Обернувшись, я громко ответил:
– Нет, мне не одиноко.
– А мне одиноко!
– А мне нет.
– Врёшь.
– Ничего я не вру,- сказал я,- Я сильнейший хикикомори в мире, я вполне могу жить сам по себе. Боль мне нипочём. Тебе, Мисаки, тоже стоит бросить полагаться на других. В конечном счёте, каждый сам по себе. И это прекрасно. Сама подумай, разве нет? В итоге ты всё равно окажешься совершенно одна; так что одиночество естественно. Если принять его, не будет никаких бед. Потому я и заточил себя в однокомнатной квартирке размером в шесть татами.
– И тебе не одиноко?
– Мне не одиноко.
– Тебе не одиноко?
– Мне не одиноко.
– Врёшь,- произнёс кто–то тихим, приглушённым голосом.
Я обернулся взглянуть.
Я стоял посреди своей комнаты размером в шесть татами. И я сидел в углу, поджав ноги, обхватив их руками и сливаясь с тенью.
Стояла ночь, и невозможно было ничего разглядеть, услышать или сделать. Хоть сейчас было лето, в этой лишённой мебели и прочих вещей комнате царил холод. Закрытое помещение наполнял мрачный и пугающий мороз. Я поднял голову, дрожа.
Я сказал:
– Я одинок.
– Я не одинок.
– Врёшь.
– Не вру.
– Я так одинок.
– Да, я одинок!
Один «я» дрожал, трясся и клац–клац–клацал зубами. Другой «я», стоявший в центре комнаты, наблюдал за мной. Мне казалось, я свихнулся. Но я не свихнулся.
Только две вещи я понимал: я был один, и мне было ужасно одиноко. Я не хотел, чтобы так всё оставалось. Я не хотел быть одиноким.
– Однако,- воскликнул я,- в этом и дело!
– Быть одиноким естественно!- кричал я дальше,- Разумеется, я ненавижу одиночество! Поэтому я и спрятался от всего мира, поэтому и заточил себя наедине. В долгосрочной перспективе это наилучшее решение. Понимаешь, да? Эй! Понимаешь меня, да?
Ответа не было.
– Не понимаешь? Слушай меня внимательно. Если постараешься, поймёшь. Это несложно понять.
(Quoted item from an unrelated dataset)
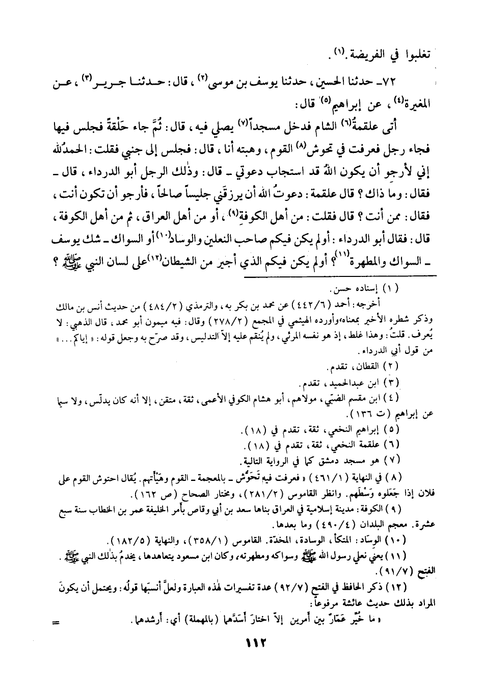 72 - حَدَّثَنَا الْحُسَيْنُ حَدَّثَنَا يُوسُفُ بْنُ مُوسَى قَالَ: حَدَّثَنَا جَرِيرٌ، عَنِ الْمُغِيرَةِ، عَنْ إِبْرَاهِيمَ قَالَ: أَتَى عَلْقَمَةَ الشَّامَ , فَدَخَلَ مَسْجِدًا يُصَلِّي فِيهِ قَالَ: ثُمَّ جَاءَ حَلْقَةً , فَجَلَسَ فِيهَا , فَجَاءَ رَجُلٌ , فَعَرَفْتُ فِيهِ تَحَوُّشَ الْقَوْمِ وَهِبْتُهُ أَنَا، قَالَ: فَجَلَسَ إِلَى جَنْبِي فَقُلْتُ: الْحَمْدُ لِلَّهِ، إِنِّي لَأَرْجُو أَنْ يَكُونَ اللَّهُ قَدِ اسْتَجَابَ دَعْوَتِي، قَالَ: وَذَلِكَ الرَّجُلُ أَبُو الدَّرْدَاءِ قَالَ: فَقَالَ: وَمَا ذَاكَ؟ قَالَ عَلْقَمَةُ: دَعَوْتُ اللَّهَ أَنْ يَرْزُقَنِي جَلِيسًا صَالِحًا , فَأَرْجُو أَنْ تَكُونَ أَنْتَ , فَقَالَ: مِمَّنْ أَنْتَ؟ قَالَ: فَقُلْتُ: مِنْ أَهْلِ الْكُوفَةِ , أَوْ مِنْ أَهْلِ الْعِرَاقِ , ثُمَّ مِنْ أَهْلِ الْكُوفَةِ قَالَ: فَقَالَ أَبُو الدَّرْدَاءِ: " §أَوَلَمْ يَكُنْ فِيكُمْ صَاحِبُ النَّعْلَيْنِ وَالْوِسَادِ أَوِ السِّوَاكِ شَكَّ يُوسُفُ السِّوَاكِ وَالْمِطْهَرَةِ؟ أَوَلَمْ يَكُنْ فِيكُمُ الَّذِي أُجِيرَ مِنَ الشَّيْطَانِ عَلَى لِسَانِ النَّبِيِّ صَلَّى اللهُ عَلَيْهِ وَسَلَّمَ؟ -[113]- قَالَ: يَعْنِي عَمَّارَ بْنَ يَاسِرٍ وَصَاحِبُ النَّعْلَيْنِ وَالْوِسَادِ أَوِ السِّوَاكِ وَالْمِطْهَرَةِ عَبْدُ اللَّهِ بْنُ مَسْعُودٍ قَالَ: أَوَلَمْ يَكُنْ فِيكُمْ صَاحِبُ السِّرِّ الَّذِي لَا يَعْلَمُهُ غَيْرُهُ أَوْ أَحَدٌ غَيْرُهُ؟ قَالَ: يَعْنِي حُذَيْفَةَ , ثُمَّ قَالَ: تَحْفَظُ كَيْفَ كَانَ عَبْدُ اللَّهِ يَقْرَأُ؟ قَالَ: قُلْتُ: نَعَمْ قَالَ: {وَاللَّيْلِ إِذَا يَغْشَى وَالنَّهَارِ إِذَا تَجَلَّى} [الليل: 2] , قَالَ عَلْقَمَةُ: فَقُلْتُ: (وَالذَّكَرِ وَالْأُنْثَى) قَالَ أَبُو الدَّرْدَاءِ: وَاللَّهِ , الَّذِي لَا إِلَهَ إِلَّا هُوَ «لَهَكَذَا أَقْرَأَنِي رَسُولُ اللَّهِ صَلَّى اللهُ عَلَيْهِ وَسَلَّمَ مِنْ فِيهِ إِلَى فِي» , فَمَا زَالَ هَؤُلَاءِ حَتَّى كَادُوا أَنْ يَرُدُّونِي عَنْهَا "

Попросту говоря… попросту говоря, я избегаю контактов, поскольку мне одиноко. Поскольку я не хочу сталкиваться с ещё большим одиночеством, я прячусь от других. Эй, слышишь меня? Вот тебе решение проблем!
Никто не ответил.
– Я самый жадный человек на свете. Половинчатое счастье меня не устраивает. Мне не нужно частичное тепло. Я хочу такого счастья, которое длилось бы вечно. Но это невозможно! Не знаю уж, почему, но в нашем мире счастью обязательно что–нибудь помешает. Хорошие вещи быстро ломаются. Двадцать два года живу, и хотя бы эту истину усвоил. О чём бы речь ни шла, что угодно- всё испортится. Так что лучше с самого начала ничего не ждать.
«Именно! Тебе тоже стоило бы это понять, Мисаки. Если поймёшь, бросишь выдумывать свои бестолковые планы. Перестанешь искать помощи у людей вроде меня».
Она была ужасно глупой. Впасть в такое глубочайшее отчаяние. Мне было страшно представить, какое одиночество заставило её искать помощи у ничтожества вроде меня. Я проклинал несчастья, свалившиеся на её голову. Я проклинал тот несправедливый факт, что дети не выбирают себе родителей. Мне хотелось, чтобы такая светлая девушка, как она, жила здоровой, счастливой жизнью.